» **DIRECTIONS**
Beginning with the line of the entries below that holds "Термос Miniland з" and ending with the line that holds "Find It Trading", transcribe each line exactly as written. Pictures stay out.

» **LISTED ENTRIES**
___
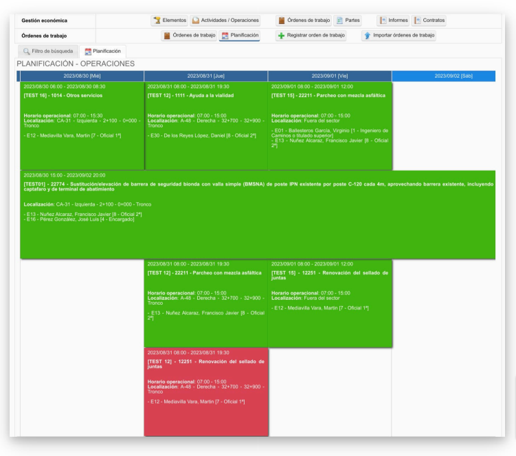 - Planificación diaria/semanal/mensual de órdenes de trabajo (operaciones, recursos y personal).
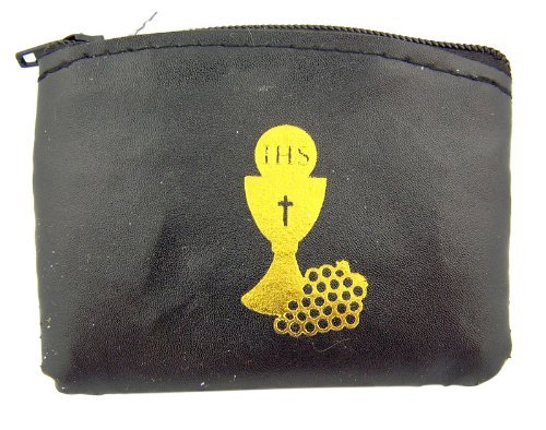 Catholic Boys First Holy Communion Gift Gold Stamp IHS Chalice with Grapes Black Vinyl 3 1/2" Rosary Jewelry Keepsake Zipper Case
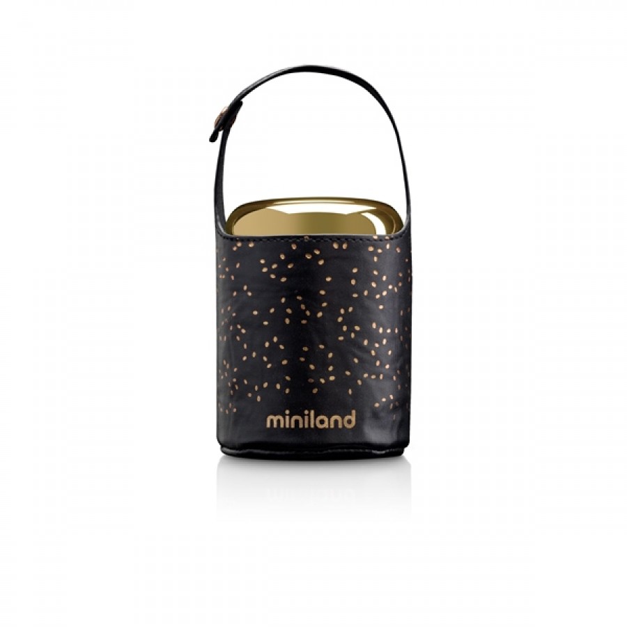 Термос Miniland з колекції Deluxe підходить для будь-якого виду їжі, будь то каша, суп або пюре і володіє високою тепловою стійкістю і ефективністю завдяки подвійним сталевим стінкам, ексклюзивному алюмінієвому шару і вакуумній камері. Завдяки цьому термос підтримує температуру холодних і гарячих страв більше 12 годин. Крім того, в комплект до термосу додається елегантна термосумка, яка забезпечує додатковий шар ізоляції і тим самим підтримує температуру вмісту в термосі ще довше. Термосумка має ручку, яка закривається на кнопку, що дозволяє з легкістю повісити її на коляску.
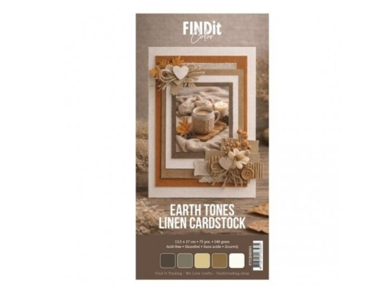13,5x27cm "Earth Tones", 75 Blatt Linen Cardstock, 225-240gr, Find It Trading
___
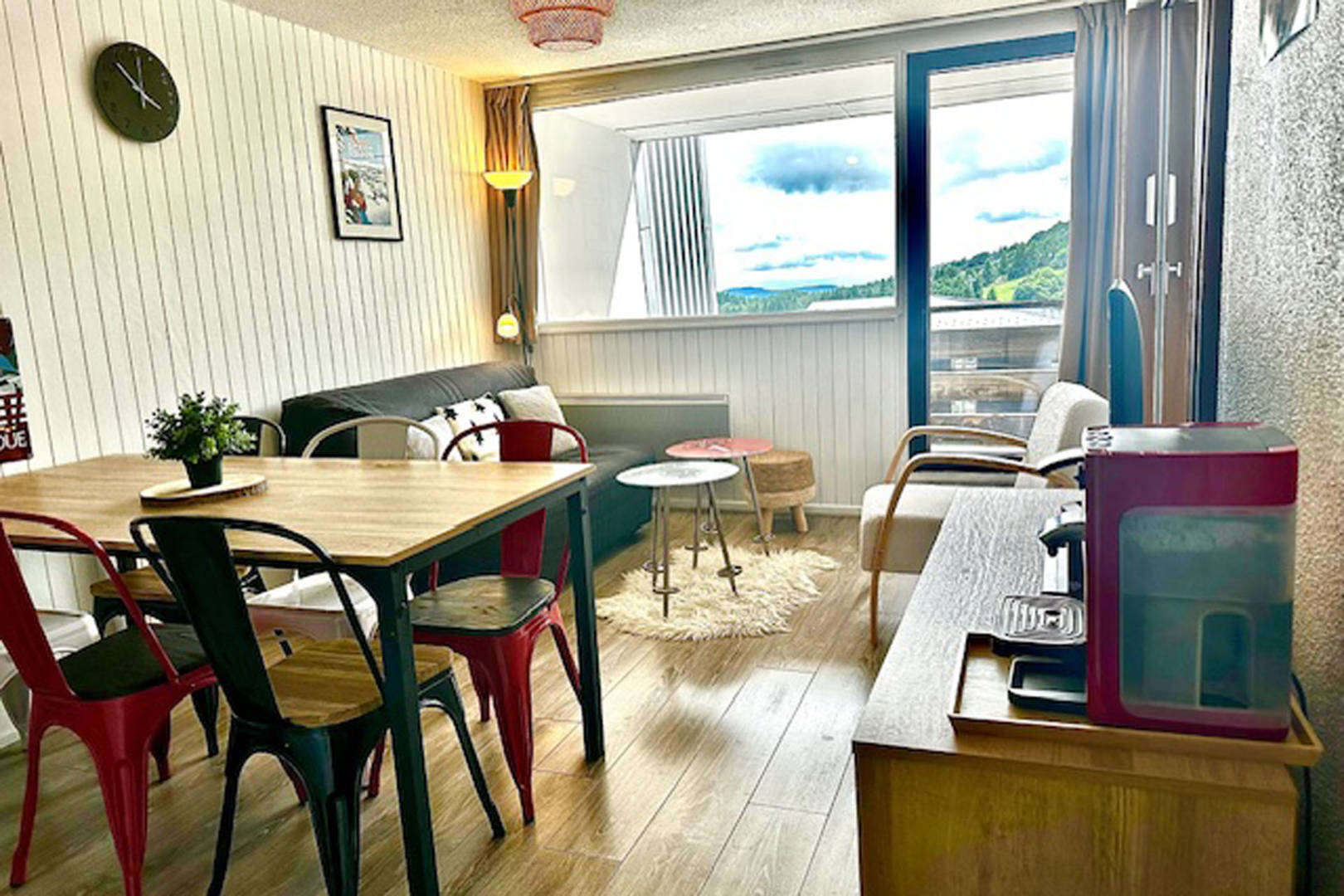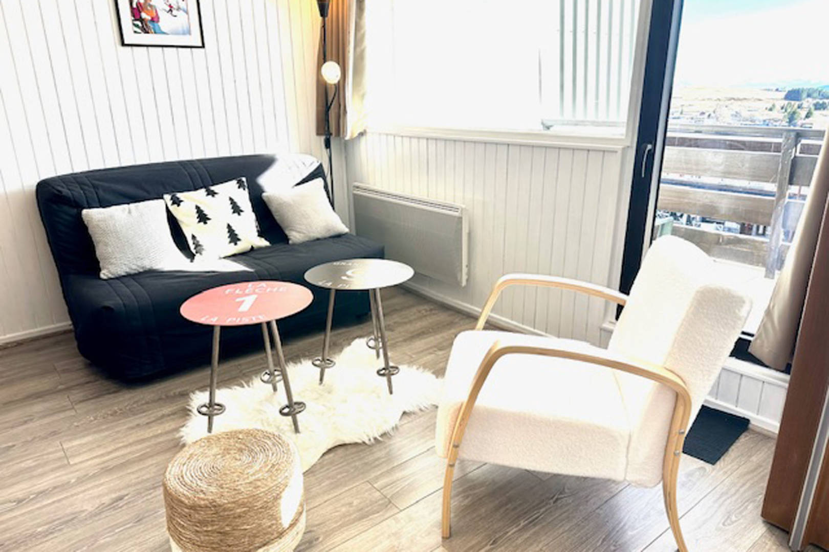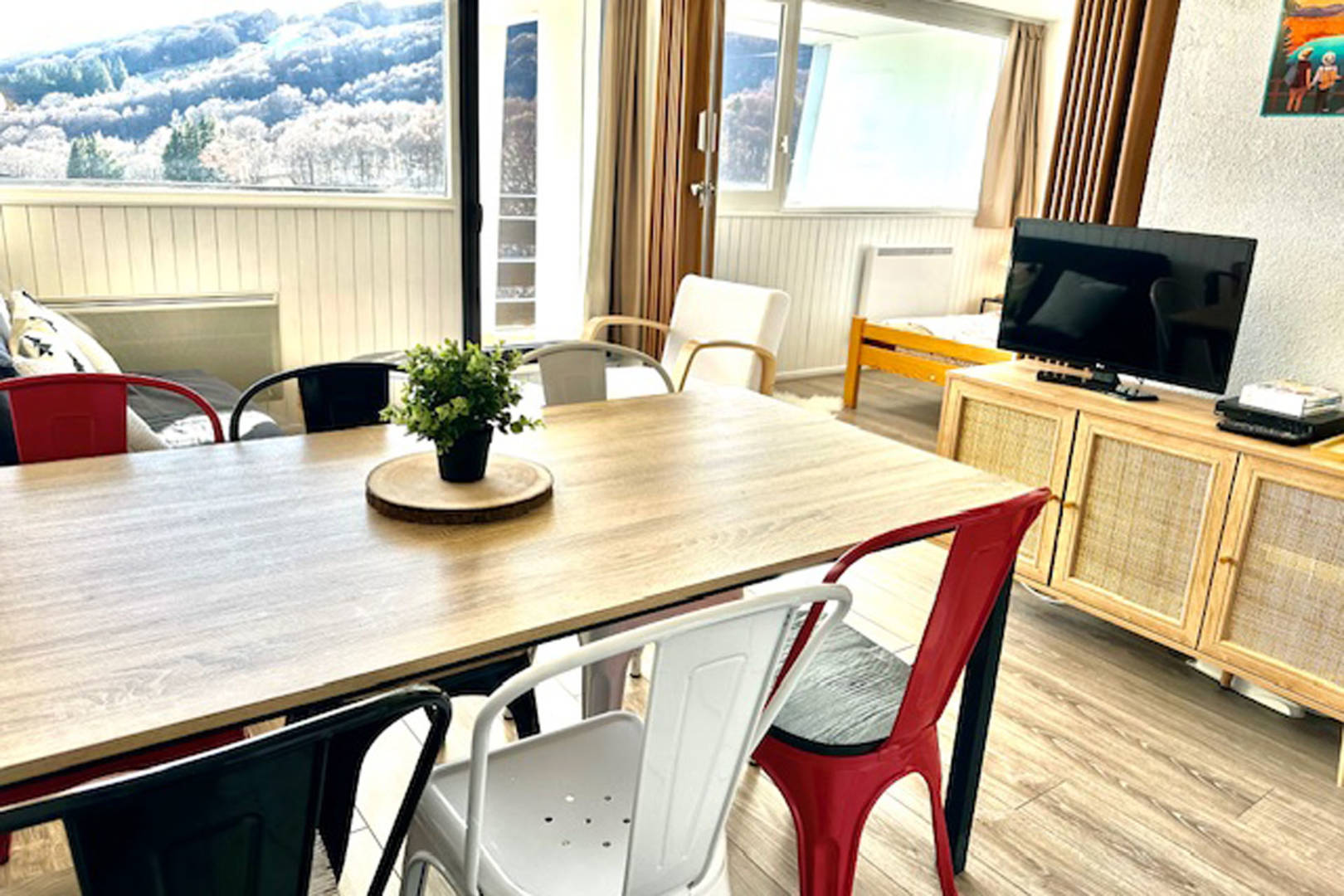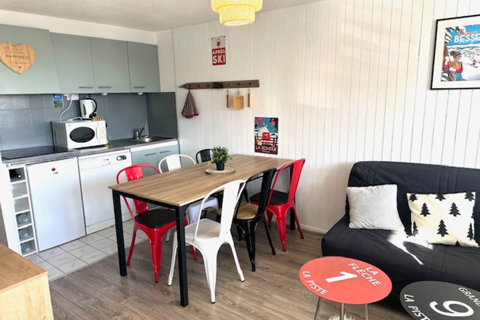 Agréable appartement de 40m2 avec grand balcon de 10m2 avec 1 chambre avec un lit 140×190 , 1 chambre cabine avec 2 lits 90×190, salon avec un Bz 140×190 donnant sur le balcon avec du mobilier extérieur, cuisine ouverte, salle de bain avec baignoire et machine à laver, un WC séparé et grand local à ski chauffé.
___
» **FINAL ANSWER**
 Термос Miniland з колекції Deluxe підходить для будь-якого виду їжі, будь то каша, суп або пюре і володіє високою тепловою стійкістю і ефективністю завдяки подвійним сталевим стінкам, ексклюзивному алюмінієвому шару і вакуумній камері. Завдяки цьому термос підтримує температуру холодних і гарячих страв більше 12 годин. Крім того, в комплект до термосу додається елегантна термосумка, яка забезпечує додатковий шар ізоляції і тим самим підтримує температуру вмісту в термосі ще довше. Термосумка має ручку, яка закривається на кнопку, що дозволяє з легкістю повісити її на коляску.
13,5x27cm "Earth Tones", 75 Blatt Linen Cardstock, 225-240gr, Find It Trading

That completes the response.